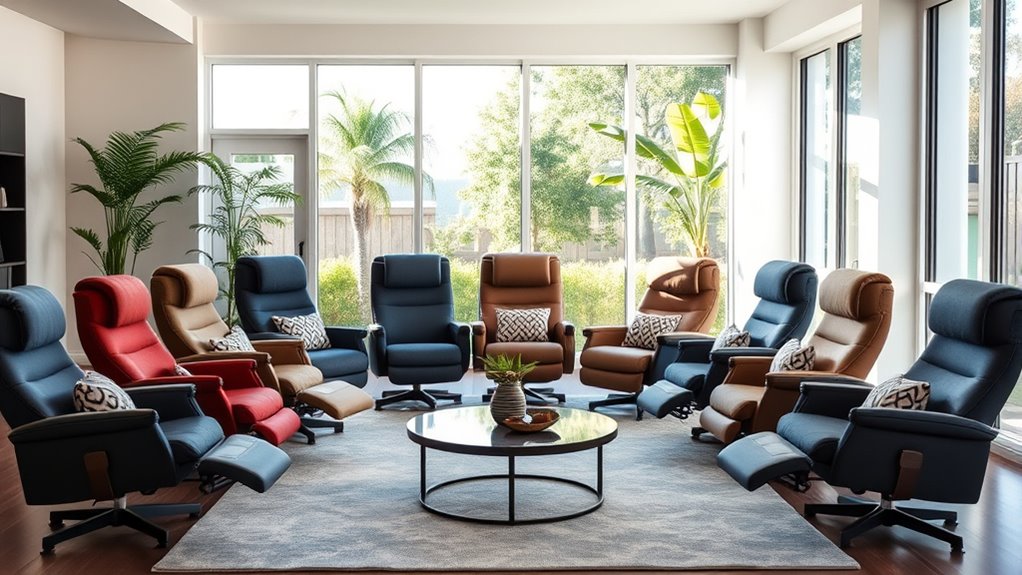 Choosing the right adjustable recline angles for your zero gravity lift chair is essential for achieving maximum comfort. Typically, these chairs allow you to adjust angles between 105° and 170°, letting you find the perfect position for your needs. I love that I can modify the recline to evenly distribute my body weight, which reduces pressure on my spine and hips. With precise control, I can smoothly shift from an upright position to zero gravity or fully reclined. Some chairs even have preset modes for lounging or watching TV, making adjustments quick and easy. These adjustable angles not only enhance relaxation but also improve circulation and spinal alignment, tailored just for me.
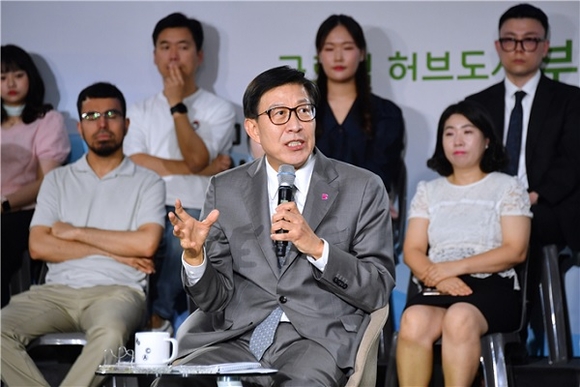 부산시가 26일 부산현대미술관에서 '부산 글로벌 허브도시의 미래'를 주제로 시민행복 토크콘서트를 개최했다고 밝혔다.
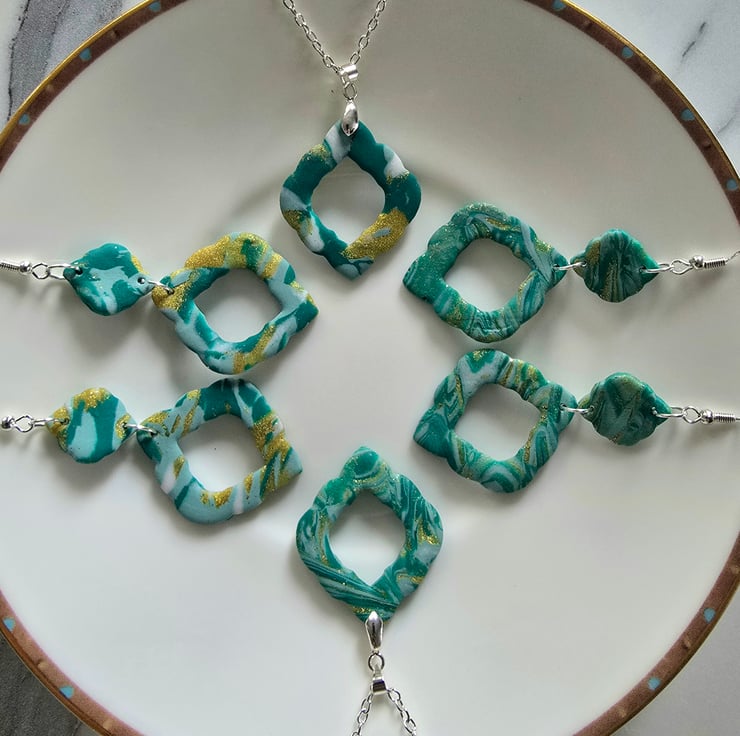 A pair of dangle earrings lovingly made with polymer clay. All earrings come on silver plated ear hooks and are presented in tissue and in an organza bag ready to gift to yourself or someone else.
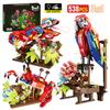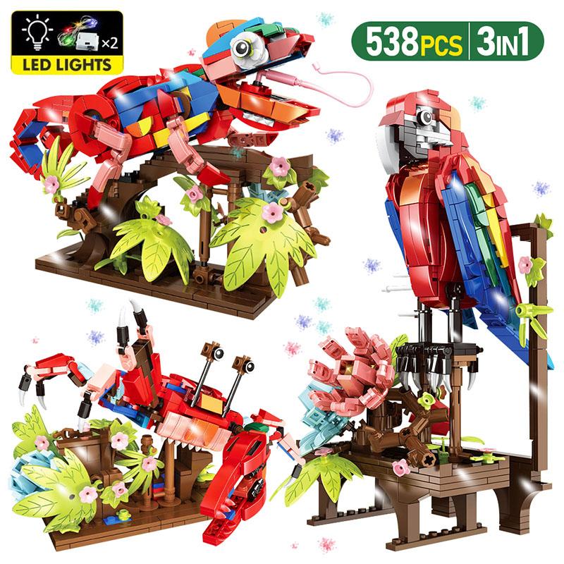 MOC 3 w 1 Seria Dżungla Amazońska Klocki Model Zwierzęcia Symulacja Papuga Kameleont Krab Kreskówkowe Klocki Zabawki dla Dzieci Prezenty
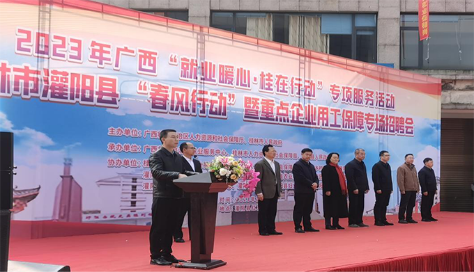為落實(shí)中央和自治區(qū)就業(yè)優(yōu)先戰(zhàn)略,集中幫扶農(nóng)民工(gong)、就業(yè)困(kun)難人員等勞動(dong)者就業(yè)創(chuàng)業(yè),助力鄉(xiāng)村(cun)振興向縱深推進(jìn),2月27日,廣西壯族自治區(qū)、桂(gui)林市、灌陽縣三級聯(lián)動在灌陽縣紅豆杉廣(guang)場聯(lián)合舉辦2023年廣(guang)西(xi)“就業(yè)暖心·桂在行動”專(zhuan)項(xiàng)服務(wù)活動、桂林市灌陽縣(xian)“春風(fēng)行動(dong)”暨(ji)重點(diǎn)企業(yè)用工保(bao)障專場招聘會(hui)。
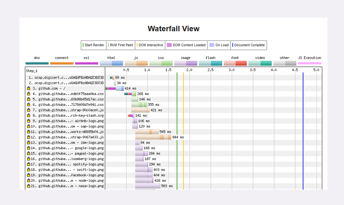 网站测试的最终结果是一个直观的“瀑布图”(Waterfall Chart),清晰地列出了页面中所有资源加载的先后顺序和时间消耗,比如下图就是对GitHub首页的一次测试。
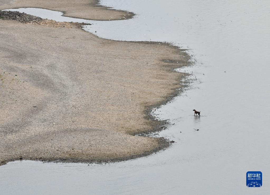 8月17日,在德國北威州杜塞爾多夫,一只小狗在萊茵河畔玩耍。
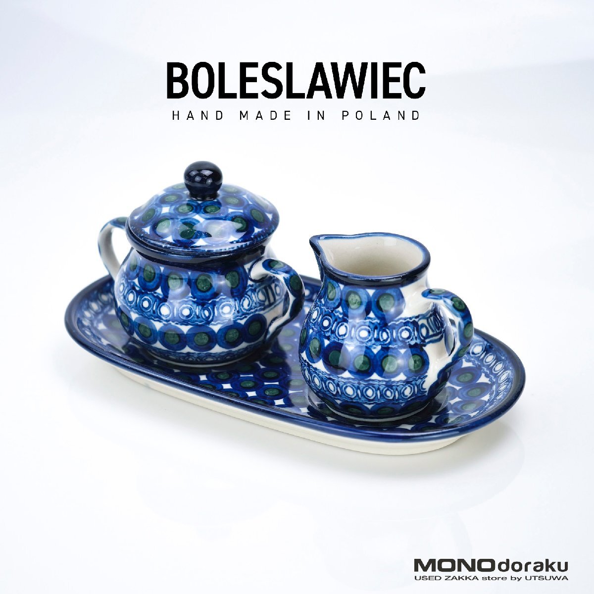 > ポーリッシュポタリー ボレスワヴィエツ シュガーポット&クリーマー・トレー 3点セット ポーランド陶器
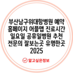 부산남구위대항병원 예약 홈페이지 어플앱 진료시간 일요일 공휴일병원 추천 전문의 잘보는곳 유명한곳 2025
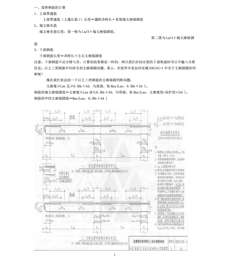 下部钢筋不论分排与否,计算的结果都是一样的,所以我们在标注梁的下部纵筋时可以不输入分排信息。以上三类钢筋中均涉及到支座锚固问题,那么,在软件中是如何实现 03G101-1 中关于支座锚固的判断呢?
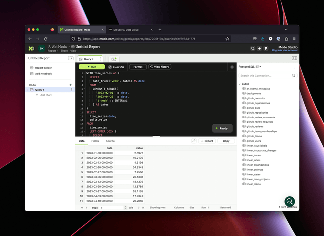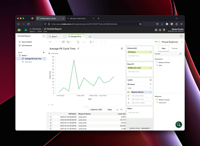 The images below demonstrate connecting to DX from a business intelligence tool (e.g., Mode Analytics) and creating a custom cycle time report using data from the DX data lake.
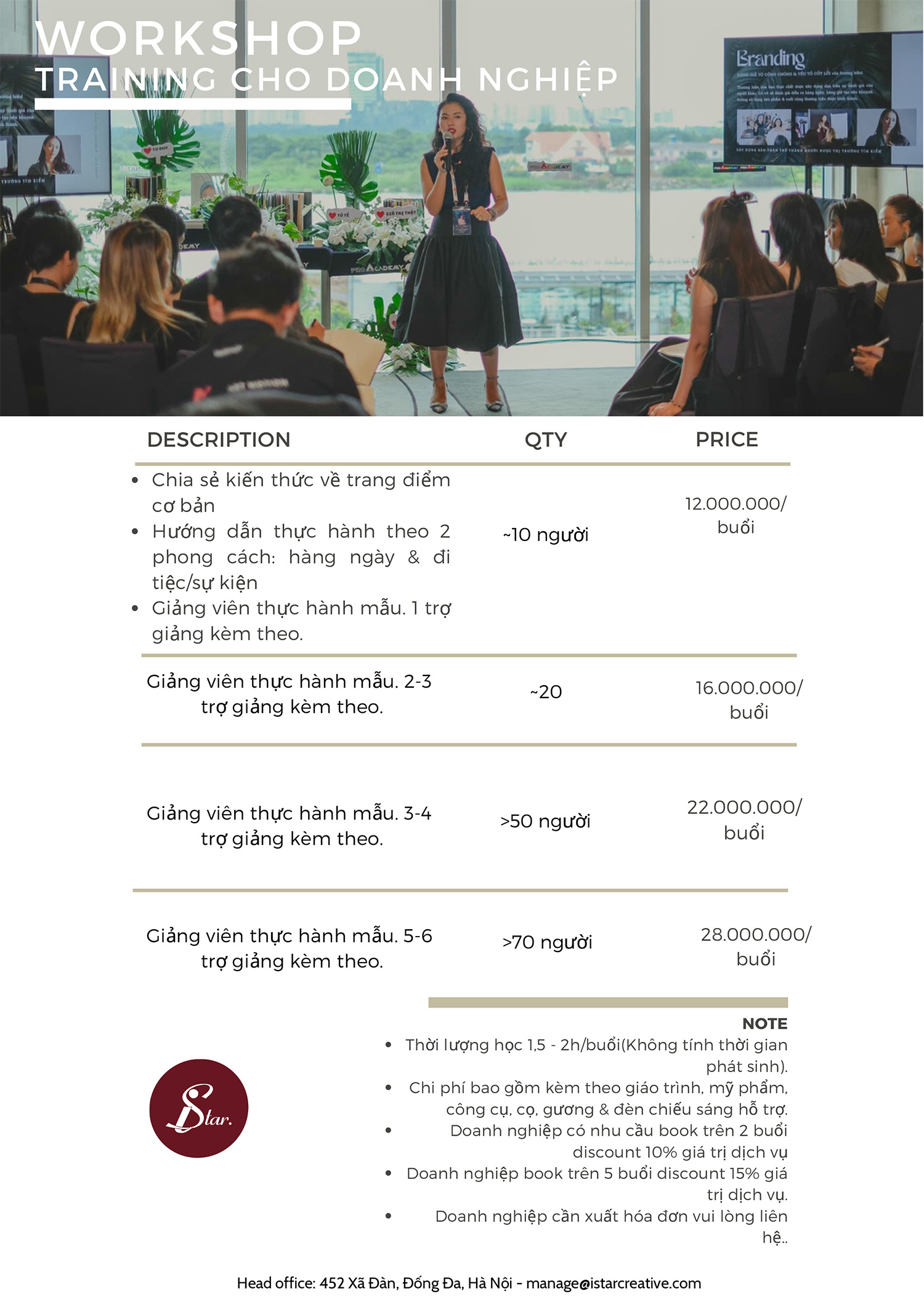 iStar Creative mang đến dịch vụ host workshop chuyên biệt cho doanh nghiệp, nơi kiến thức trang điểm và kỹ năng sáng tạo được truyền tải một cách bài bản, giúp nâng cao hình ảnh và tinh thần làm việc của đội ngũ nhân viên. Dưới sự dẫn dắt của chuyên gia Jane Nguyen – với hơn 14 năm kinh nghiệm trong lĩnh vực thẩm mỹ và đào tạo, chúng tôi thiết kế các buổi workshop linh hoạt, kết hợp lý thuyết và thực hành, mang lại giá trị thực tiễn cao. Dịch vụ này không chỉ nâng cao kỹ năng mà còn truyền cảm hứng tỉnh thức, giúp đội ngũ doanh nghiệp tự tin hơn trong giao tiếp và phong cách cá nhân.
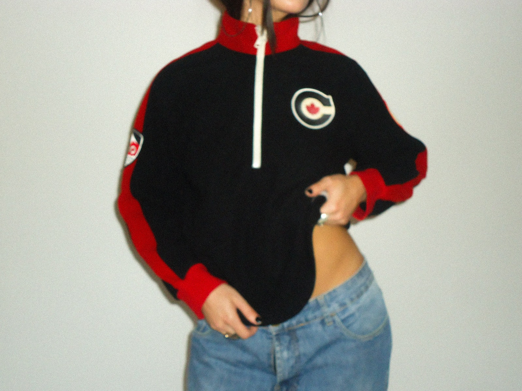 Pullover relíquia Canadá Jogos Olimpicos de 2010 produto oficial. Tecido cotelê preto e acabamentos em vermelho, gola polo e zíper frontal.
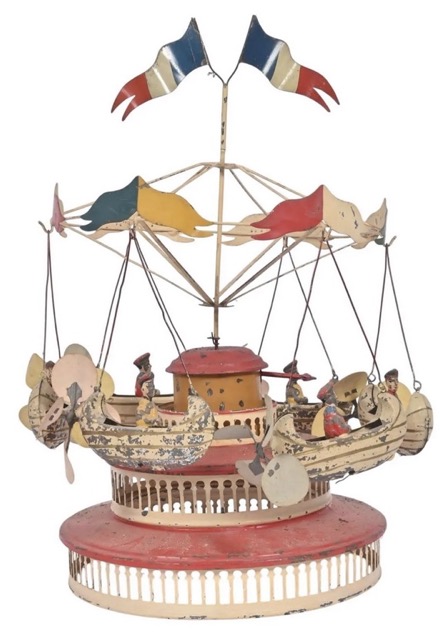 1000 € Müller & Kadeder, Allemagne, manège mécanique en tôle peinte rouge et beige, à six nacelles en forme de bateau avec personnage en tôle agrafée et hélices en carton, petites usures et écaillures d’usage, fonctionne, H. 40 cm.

**********

Your objective - Take the line that contains "iStar Creative mang" and all lines after it to the end of the material above, and copy them verbatim without any images.

Response area -
 iStar Creative mang đến dịch vụ host workshop chuyên biệt cho doanh nghiệp, nơi kiến thức trang điểm và kỹ năng sáng tạo được truyền tải một cách bài bản, giúp nâng cao hình ảnh và tinh thần làm việc của đội ngũ nhân viên. Dưới sự dẫn dắt của chuyên gia Jane Nguyen – với hơn 14 năm kinh nghiệm trong lĩnh vực thẩm mỹ và đào tạo, chúng tôi thiết kế các buổi workshop linh hoạt, kết hợp lý thuyết và thực hành, mang lại giá trị thực tiễn cao. Dịch vụ này không chỉ nâng cao kỹ năng mà còn truyền cảm hứng tỉnh thức, giúp đội ngũ doanh nghiệp tự tin hơn trong giao tiếp và phong cách cá nhân.
 Pullover relíquia Canadá Jogos Olimpicos de 2010 produto oficial. Tecido cotelê preto e acabamentos em vermelho, gola polo e zíper frontal.
 1000 € Müller & Kadeder, Allemagne, manège mécanique en tôle peinte rouge et beige, à six nacelles en forme de bateau avec personnage en tôle agrafée et hélices en carton, petites usures et écaillures d’usage, fonctionne, H. 40 cm.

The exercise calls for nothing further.